J’ose les  « mystères » au sens antique, de rituel religieux secret où ne sont admis que des initiés, et comme le culte de Dionysos prétendait initier à un secret, à une révélation pourquoi ne pas retrouver dans le travail de Bénédictin d’ Éric Bernardin et de Pierre Le Hong cette volonté d’initiation du commun des mortels aux « mystères » de 20 châteaux du Médoc. Comme je suis exilé en Corse, pour cause d’impertinence et d’envie de ne rien faire, j’ai même confié le soin à Éric Bernardin de se présenter. Merci ! Lisez, c’est passionnant. Normal c’est chez moi... 

06-2009-Pichon-Long-Baron-31.jpg

 

 Pichon Baron Éric Bernardin avec Jean René Matignon (directeur technique) 

 

 

Question n°1  Éric Bernardin vous tenez sur la Toile une chronique au titre évocateur : « à boire et à manger »  http://boiremanger.canalblog.com, vous êtes co-auteur avec Pierre Le Hong d’un livre du 3ième type sur les Crus Classés du Médoc qui va sortir dans une poignée de jour, et même si moi, qui suis le prototype du chroniqueur d’investigation, je sais que vous fûtes de 1995 à 2006 un homme de Biocoop dites-nous : d’où venez-vous, que faites-vous, vous allez où ? 

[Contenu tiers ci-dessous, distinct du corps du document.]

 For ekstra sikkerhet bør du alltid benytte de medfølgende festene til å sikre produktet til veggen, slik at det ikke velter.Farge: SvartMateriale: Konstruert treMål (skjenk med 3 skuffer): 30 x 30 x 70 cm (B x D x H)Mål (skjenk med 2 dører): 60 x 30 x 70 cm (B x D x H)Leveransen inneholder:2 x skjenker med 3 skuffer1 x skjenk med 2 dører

Réponse d’Éric Bernardin : Depuis plus de 35 ans, je navigue entre le bio et le vin : j'ai commencé à manger bio lorsque j'avais 7 ans, et c'est au même âge que j'ai découvert le vin, en sirotant du bordeaux blanc avec ma copine de l'époque en regardant l'Île aux Enfants. A l'âge du whisky-coca, je me souviens avoir « dévalisé » la cave paternelle d'un ami et descendu en loucedé quelques crus médocains. Je rêvais d'être cuisinier à 14 ans, mais le métier n'était guère valorisé à l'époque (Master Chef et Cyrille Lignac n'existaient pas).

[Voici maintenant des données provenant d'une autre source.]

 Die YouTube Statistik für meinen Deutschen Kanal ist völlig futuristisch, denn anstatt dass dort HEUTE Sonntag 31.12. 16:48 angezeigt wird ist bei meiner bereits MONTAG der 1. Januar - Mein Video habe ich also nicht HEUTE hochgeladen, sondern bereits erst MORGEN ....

Du coup, j'ai fait des études de commerce et travaillé d'abord dans la banque, puis dans une Biocoop (en 1992, en fait). Le démon du vin m'a rattrapé en 1995 : j'ai préparé un BTA viticulture-œnologie tout en travaillant sur un domaine en biodynamie. Suite à l'obtention de celui-ci, j'ai travaillé 5 ans chez des vignerons, à la vigne comme au chai. Mais la vie de commerçant me manquait, d'où un come-back dans une supérette bio durant 5 nouvelles années. Depuis 2007, retour au vin : d'abord comme agent commercial, puis comme attaché commercial d'un célèbre domaine de Monbazillac. Hélas, la crise est passée par là, et l'aventure s'est arrêtée fin 2009. Depuis, je suis « pôliste » et je cherche du travail soit dans le vin, soit dans le bio  ... ou pourquoi pas dans le vin bio? 

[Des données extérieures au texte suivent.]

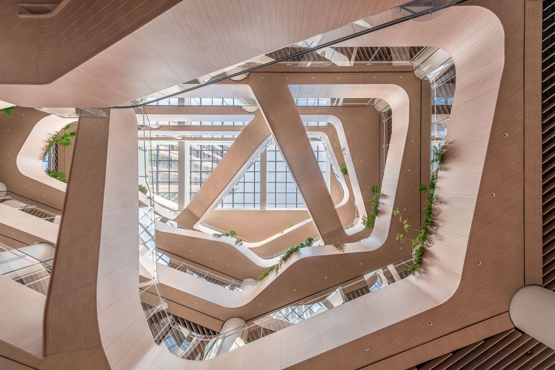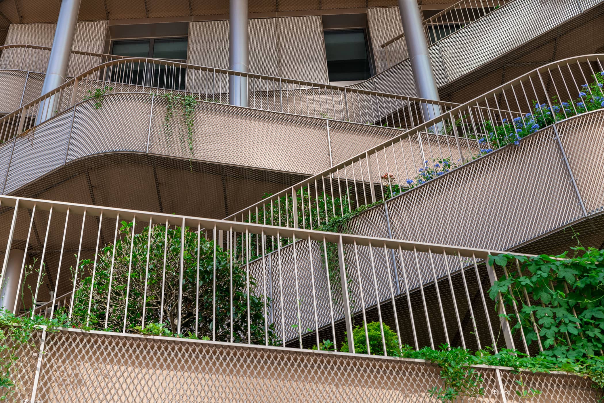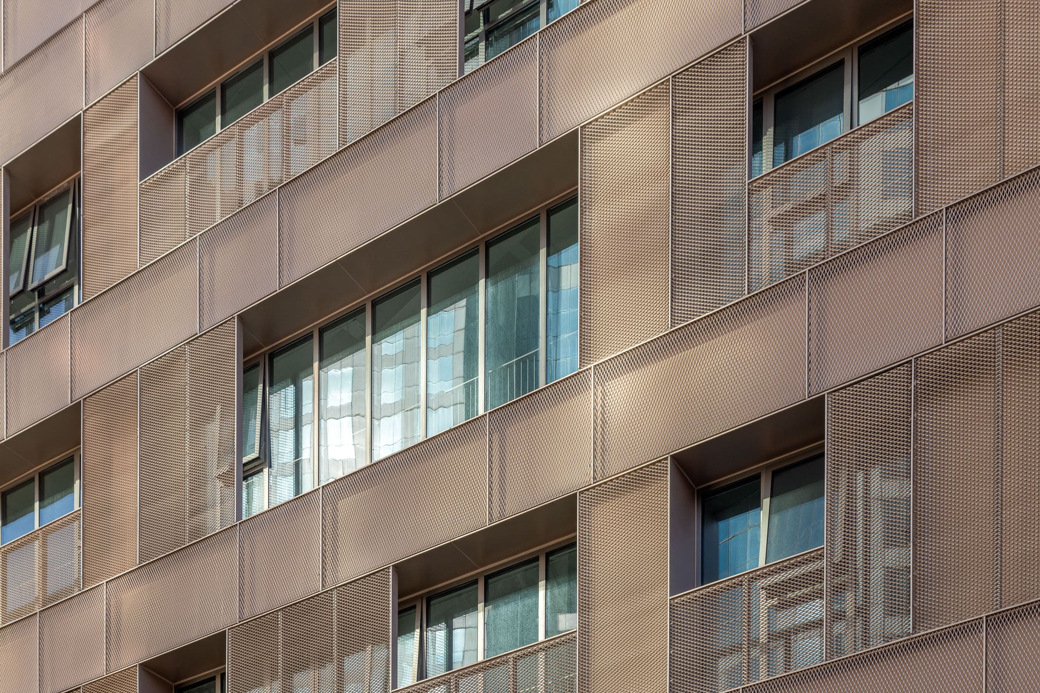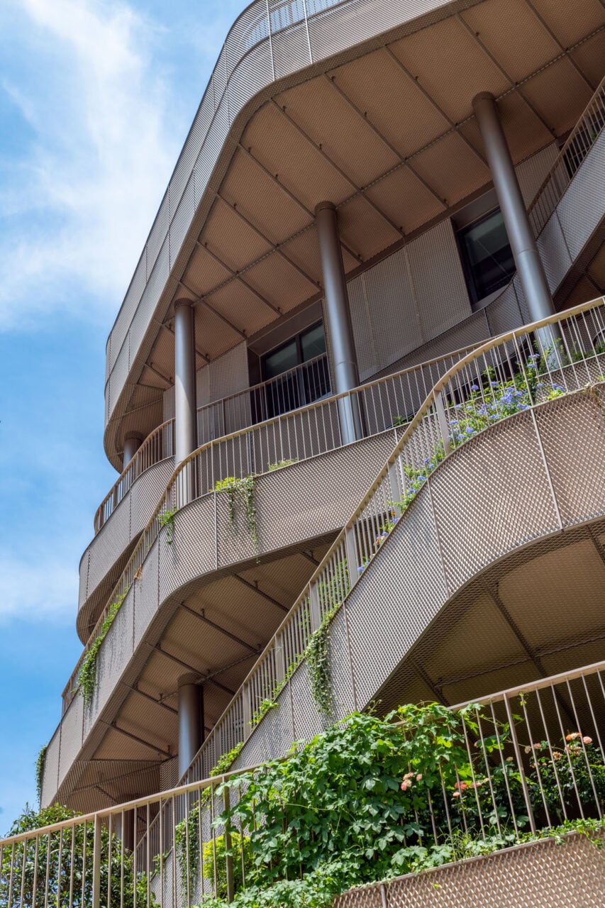 The form language of the building is fluid. The facade is wrapped with a neutral Champagne color mesh. The balustrades extend with hidden lights and plants spilling over the terraces, making the building quite literally breathe new life into the community.

En ce qui concerne le blog « A boire et à manger », je l'ai créé en septembre 2005, afin de partager mes meilleurs accords mets & vins. Mais c'est vite devenu un fourre-tout hédoniste où se mêlent joyeusement recettes de cuisines, compte-rendu de dégustation, reportages chez des vignerons ou dans des restaurants, voire même étude comparative des différentes versions disponibles des Variations Goldberg de Bach. 20-09-08-Poyferre-verdot-42.jpg

 

Poyferré Éric Bernardin avec Bruno Clénet (chef de culture)

 

Question n°2  Éric Bernardin revenons à votre livre : quelle est sa genèse, comment vous est venue l’idée, comment a mûri le concept ? Entraînez-nous dans les coulisses, faites-nous pénétrer dans votre petit jardin d’intérieur, si nous n’étions dans le Médoc j’oserais votre Clos... 

Réponse d’Éric Bernardin  L'idée de départ est celle de mon co-auteur, Pierre Le Hong, graphiste de métier. Intéressé par le Médoc depuis longtemps, il voulait en faire une présentation didactique et ludique, avec des cartes en 3 D et des infographies des bâtiments expliquant l'organisation interne. Il avait deux problèmes à résoudre : limiter le nombre de domaines car il était inimaginable de faire un chapitre pour chacun des 61 crus classés ; trouver un co-auteur pour rédiger l'intégralité des textes, car rien que les dessins et la mise en page représentaient une somme de travail importante. 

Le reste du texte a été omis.